THE PROBLEM:
Would you please restate the data exactly as it stands, apart from the pictures?

[SUPPLIED DATA]

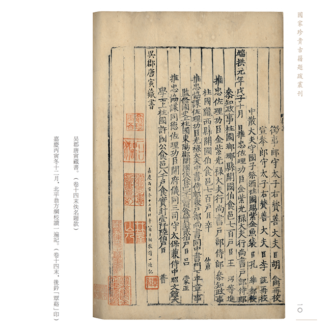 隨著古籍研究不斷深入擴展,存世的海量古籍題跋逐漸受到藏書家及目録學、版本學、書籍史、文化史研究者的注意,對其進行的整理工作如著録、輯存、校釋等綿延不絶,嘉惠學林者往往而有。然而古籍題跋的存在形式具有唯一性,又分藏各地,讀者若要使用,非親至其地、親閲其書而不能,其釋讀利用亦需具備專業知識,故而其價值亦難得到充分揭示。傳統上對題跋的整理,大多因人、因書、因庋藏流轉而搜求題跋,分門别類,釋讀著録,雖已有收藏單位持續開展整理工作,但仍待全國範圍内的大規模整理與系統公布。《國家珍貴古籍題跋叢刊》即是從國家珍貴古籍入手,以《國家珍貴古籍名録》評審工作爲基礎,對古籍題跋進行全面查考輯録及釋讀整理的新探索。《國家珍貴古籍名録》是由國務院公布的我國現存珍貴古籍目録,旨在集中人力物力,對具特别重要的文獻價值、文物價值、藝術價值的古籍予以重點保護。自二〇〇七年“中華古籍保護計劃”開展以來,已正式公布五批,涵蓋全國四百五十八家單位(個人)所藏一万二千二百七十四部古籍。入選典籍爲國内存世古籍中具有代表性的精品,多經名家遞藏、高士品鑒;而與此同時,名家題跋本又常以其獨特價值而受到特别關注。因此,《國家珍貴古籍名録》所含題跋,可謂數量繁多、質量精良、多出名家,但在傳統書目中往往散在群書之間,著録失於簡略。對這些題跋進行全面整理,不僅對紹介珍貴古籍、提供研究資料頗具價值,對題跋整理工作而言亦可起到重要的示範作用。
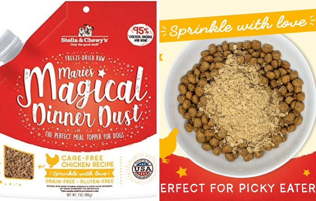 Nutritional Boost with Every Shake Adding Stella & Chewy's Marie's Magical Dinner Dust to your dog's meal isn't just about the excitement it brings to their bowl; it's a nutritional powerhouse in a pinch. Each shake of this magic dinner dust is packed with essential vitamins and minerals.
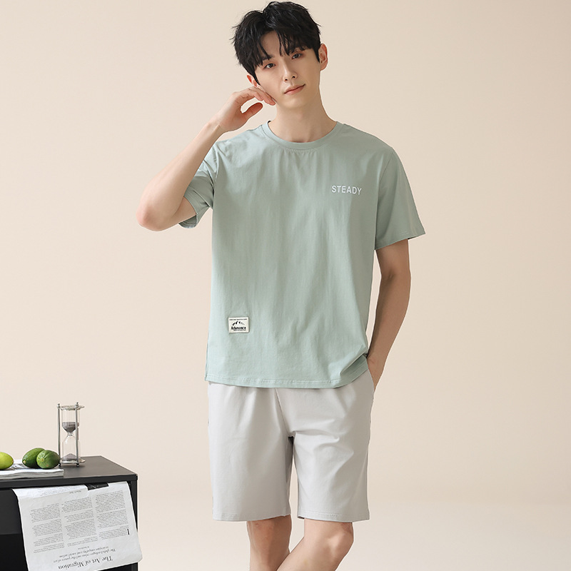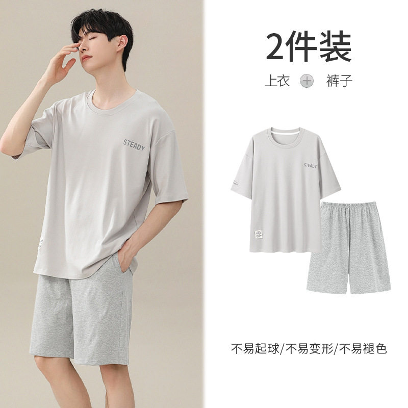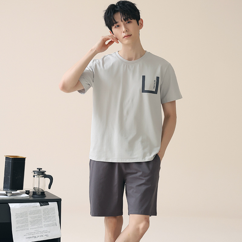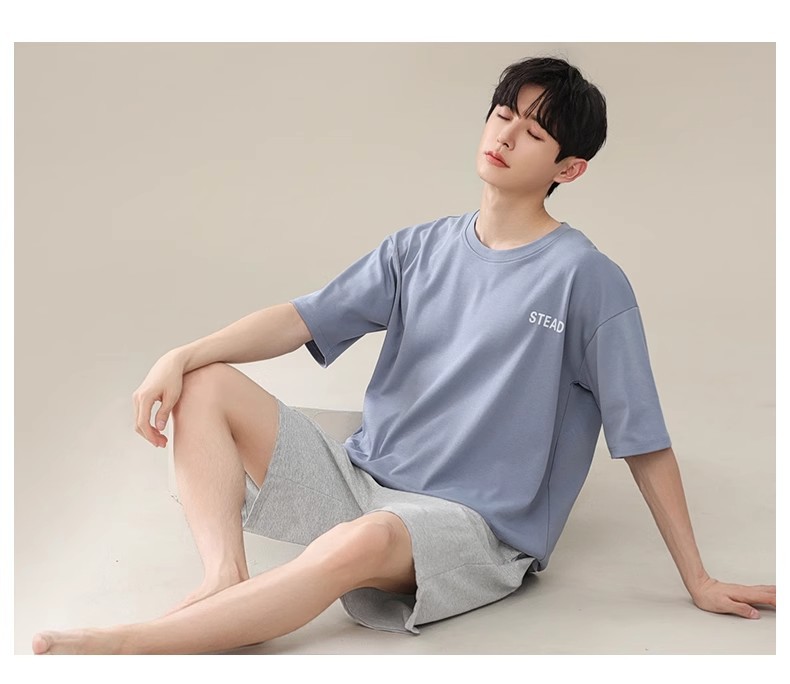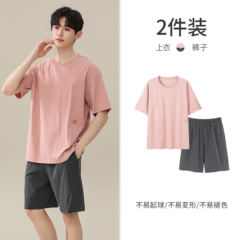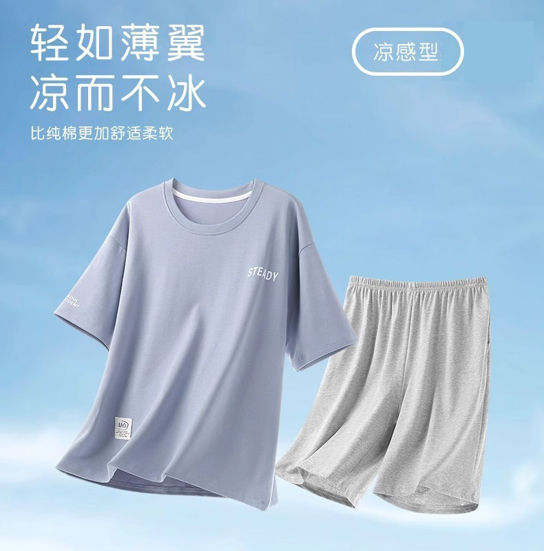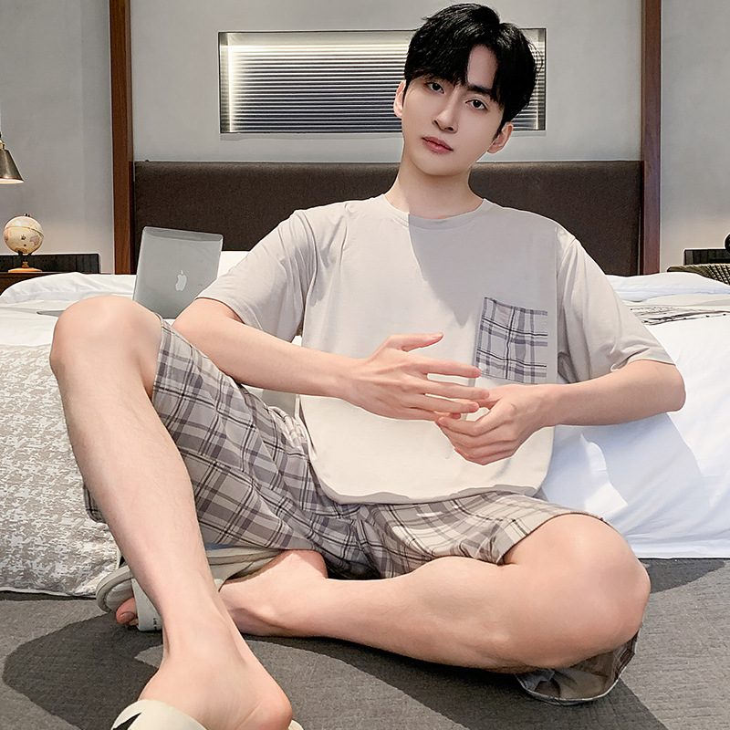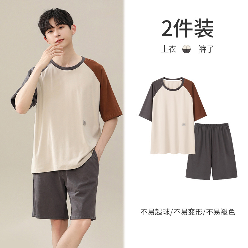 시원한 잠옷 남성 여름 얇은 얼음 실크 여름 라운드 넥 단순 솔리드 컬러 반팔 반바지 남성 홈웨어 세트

[/SUPPLIED DATA]

COMPLETED EXERCISE:
 隨著古籍研究不斷深入擴展,存世的海量古籍題跋逐漸受到藏書家及目録學、版本學、書籍史、文化史研究者的注意,對其進行的整理工作如著録、輯存、校釋等綿延不絶,嘉惠學林者往往而有。然而古籍題跋的存在形式具有唯一性,又分藏各地,讀者若要使用,非親至其地、親閲其書而不能,其釋讀利用亦需具備專業知識,故而其價值亦難得到充分揭示。傳統上對題跋的整理,大多因人、因書、因庋藏流轉而搜求題跋,分門别類,釋讀著録,雖已有收藏單位持續開展整理工作,但仍待全國範圍内的大規模整理與系統公布。《國家珍貴古籍題跋叢刊》即是從國家珍貴古籍入手,以《國家珍貴古籍名録》評審工作爲基礎,對古籍題跋進行全面查考輯録及釋讀整理的新探索。《國家珍貴古籍名録》是由國務院公布的我國現存珍貴古籍目録,旨在集中人力物力,對具特别重要的文獻價值、文物價值、藝術價值的古籍予以重點保護。自二〇〇七年“中華古籍保護計劃”開展以來,已正式公布五批,涵蓋全國四百五十八家單位(個人)所藏一万二千二百七十四部古籍。入選典籍爲國内存世古籍中具有代表性的精品,多經名家遞藏、高士品鑒;而與此同時,名家題跋本又常以其獨特價值而受到特别關注。因此,《國家珍貴古籍名録》所含題跋,可謂數量繁多、質量精良、多出名家,但在傳統書目中往往散在群書之間,著録失於簡略。對這些題跋進行全面整理,不僅對紹介珍貴古籍、提供研究資料頗具價值,對題跋整理工作而言亦可起到重要的示範作用。
 Nutritional Boost with Every Shake Adding Stella & Chewy's Marie's Magical Dinner Dust to your dog's meal isn't just about the excitement it brings to their bowl; it's a nutritional powerhouse in a pinch. Each shake of this magic dinner dust is packed with essential vitamins and minerals.
 시원한 잠옷 남성 여름 얇은 얼음 실크 여름 라운드 넥 단순 솔리드 컬러 반팔 반바지 남성 홈웨어 세트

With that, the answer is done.